Neste nível, escrever é reproduzir os traços típicos da escrita que a


criança identifica como a forma básica da mesma. Se esta forma básica
é a escrita de imprensa, teremos grafismos separados entre si,
compostos de linhas curvas e respostas de combinações entre ambas.
Se a forma básica é a cursiva, teremos grafismos ligados entre si com
uma linha ondulada como forma de base, na qual inserem curvas
fechadas ou semifechadas.
Soares, (2020, p.63), com referência a este nível, enfatiza:
O ato de escrever se caracteriza em um aglomerado de curvas,
desenhos, letras e números, os quais a criança está em contato nas suas
experiências. O que as crianças ainda não perceberam? Não
perceberam que a escrita se faz com sinais gráficos, as letras.
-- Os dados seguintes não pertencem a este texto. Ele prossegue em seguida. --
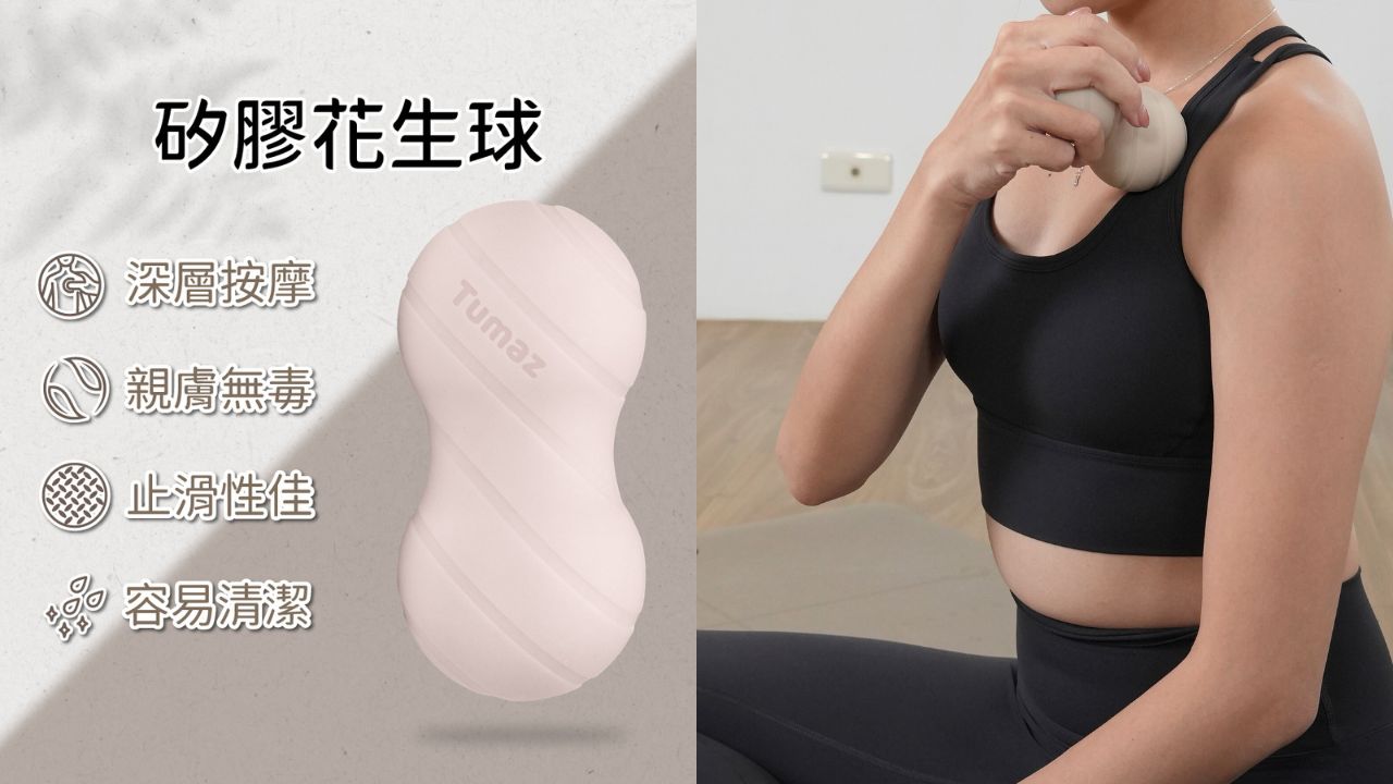 錐形的設計會比一般圓形花生球更容易「找到痛點」,對長期肩頸僵硬的人效果尤其明顯。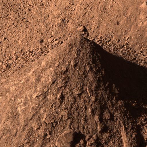 The conical pile is about 10 centimeters (4 inches) tall, and was taken from several trenches that the lander dug. For more about the image, see the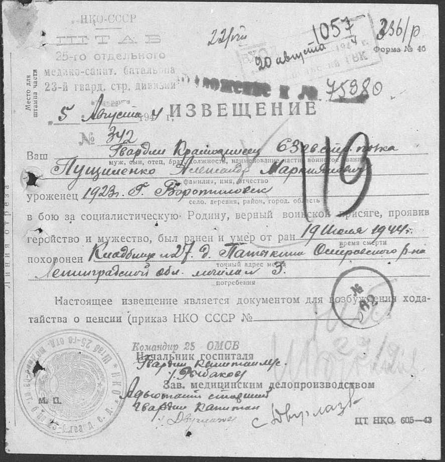 Извещения боевых частей. Номер 75028. 20.09.1944. Источник: Сестрорецкий РВК. Страница 6 Перейти к списку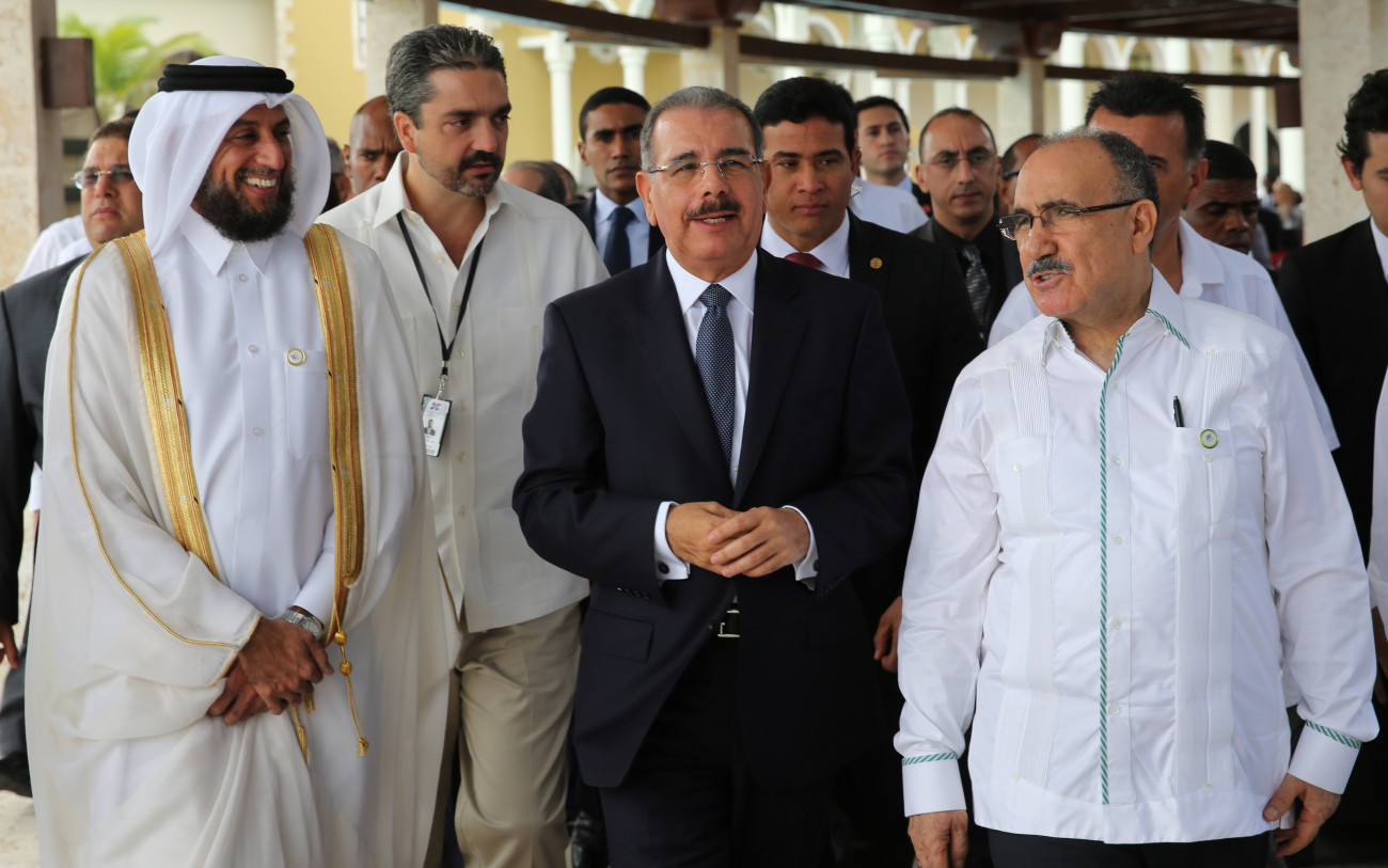 El presidente Danilo Medina junto a Ahmed Bin Mouhamad Al-Marikhy, del Fondo de Desarrollo de Qatar, y Beşir Atalay, vice primer ministro de Turquía.

À medida
que ela vai convivendo com a escrita, no contexto familiar e sobretudo
escolar, passa a compreender que é feita com letras.
No segundo nível, perseguem a ideia de que é necessário usar uma quantidade
mínima de letras (no mínimo três, geralmente) para escrever o que quer que seja e, de que
é imprescindível a diversidade de letras. As produções nessa hipótese de escrita são
marcadas pela não correspondência entre partes do falado e partes do escrito, ou seja,
ainda sem correspondência sonora, que só ocorre no nível silábico. A escrita dos nomes
é proporcional à idade ou tamanho da pessoa, do animal ou do objeto a que se refere. Ela
escreve por exemplo: cavalo de forma gigante e formiga de forma mínima e às vezes
representa junto números.

Neste nível de conceituação da escrita, vai elaborando um sistema de


representação através de um processo construtivo, que para Moll (1996, p. 111): “[...]
ocorrem questionamentos sobre o que a escrita representa, e a criança prossegue em sua
aprendizagem tentando adequar suas hipóteses às adequações do meio”. A autora
complementa de que:

[...] no processo de troca de informações, através de variadas


estratégias, a criança apropria-se do conjunto de signos convencionados
historicamente para a representação da nossa língua. Começa a se
estabelecer, então, o conflito entre a pronúncia e a escrita. A descoberta
deste vínculo representa para a criança uma complicação difícil a ser
resolvida. (MOLL, 1996, p. 111)
De todo modo, sobre o nível pré-silábico, Ferreiro e Teberosky (1999, p. 202),
salientam que:

A hipótese central deste nível é a seguinte: para poder ler coisas


diferentes (isto é atribuir significados diferentes), deve haver uma
diferença objetiva nas escritas. [...] segue-se trabalhando com a hipótese
de que faz falta uma certa quantidade mínima de grafismos para
escrever algo e com a hipótese de que faz falta uma variedade de
grafismo.

A partir daí a criança, nos seus aprendizados evolutivos de escrita, em seus


avanços progressivos, passa para a hipótese silábica.

Para saber mais, sugestão: Pesquise imagens sobre a


representação da escrita de crianças no nível pré-
silábico.
2.2 Nível de hipótese de escrita silábica: fases sem valor sonoro e com valor sonoro
O nível de escrita silábico também pode ser dividido em duas etapas. A primeira
etapa é o estágio silábico sem valor sonoro e a segunda etapa é o estágio silábico com
valor sonoro. Nesse nível as crianças já “[...] compreenderam que a escrita se faz com
letras [...]” (SOARES, 2020, p. 88).

Entretanto no estágio silábico sem valor sonoro elas utilizam qualquer letra para
escrever uma palavra, e, muitas vezes utiliza uma letra para cada sílaba, ou qualquer letra,
como por exemplo: a palavra “CAVALO” pode ser escrita por ela nas letras: “ERT”, ou
outras letras, talvez as consoantes ou vogais que elas já conhecem. É possível observar
escritas apresentadas por Soares (2020), que foram colhidas em grupos de crianças,
produzidas por elas. As crianças segmentam palavras em sílabas, mas usam uma letra ou
qualquer letra para cada sílaba, sem ter relação com a sílaba. Soares (2020, p. 88)
menciona que neste processo, “[...] ainda não chegaram ao conceito de que as letras
representam sons da fala, ainda não atribuem valor sonoro à sílaba”. Salienta ainda:

De início, porém, escolhe qualquer letra para representar cada sílaba.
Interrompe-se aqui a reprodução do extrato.